# Converting tub/shower to shower only



## Bluesax (Aug 26, 2007)

Hey All,
I just pulled out the tub/shower in my second bathroom and the wife wants to have a tiled shower only. The plumbing is pretty standard one handle, diverter valve, Mixset, etc. How do I replumb for just a shower with separate Hot/Cold water handles? I'll try to attach a picture of the present plumbing. Thanks.


----------



## Daryl in Nanoose (Aug 27, 2007)

First thing to do is replace to old with a new shower only diverter. Follow the directions it comes with and should go reasonably smooth.
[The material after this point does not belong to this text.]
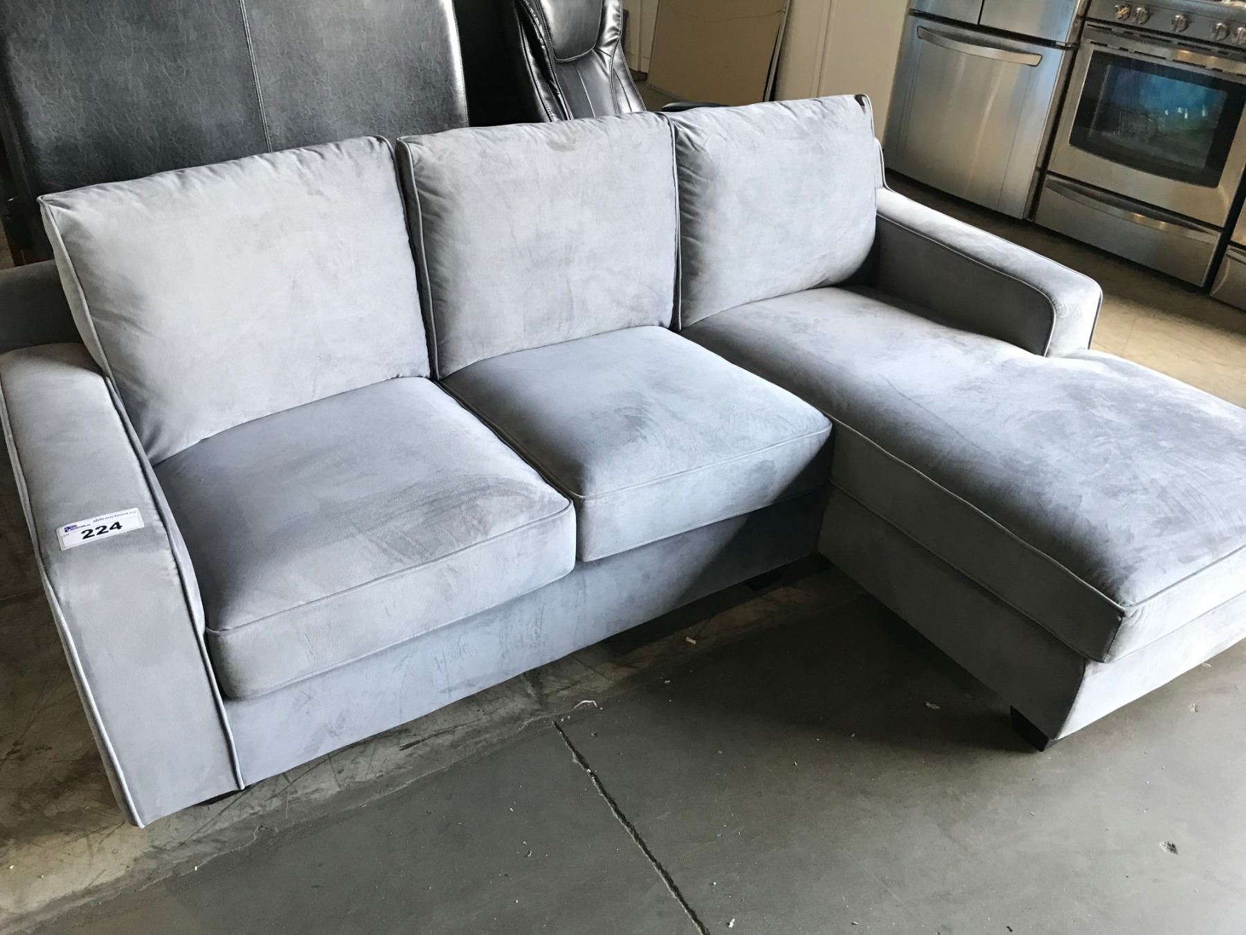 GREY FABRIC 3 SEAT SOFA WITH CHAISE LOUNGE

I am not sure how much of a explanation you need here but they are fairly simple to do.


----------



## AndyD5 (Sep 5, 2007)

you're gonna open up the wall right you should have both hot and cold water lines coming in then the length going to the tub filler and the length going straight up to the shower head replace the knob with a shower only and leave out the length of pipe down to the tub area you could also just put a cap on it. so if anyone else wants a tub there later they could


----------



## glennjanie (Sep 6, 2007)

Hey Bluesax:

When you replace the controls, be sure to get a 'scald-proof' set for the protection of you and others who will come along after you. A person with diabetes gradually looses feeling and can scald their skin before they know it. Its the law here in Kentucky; I don't know about your plumbing code.

Glenn


----------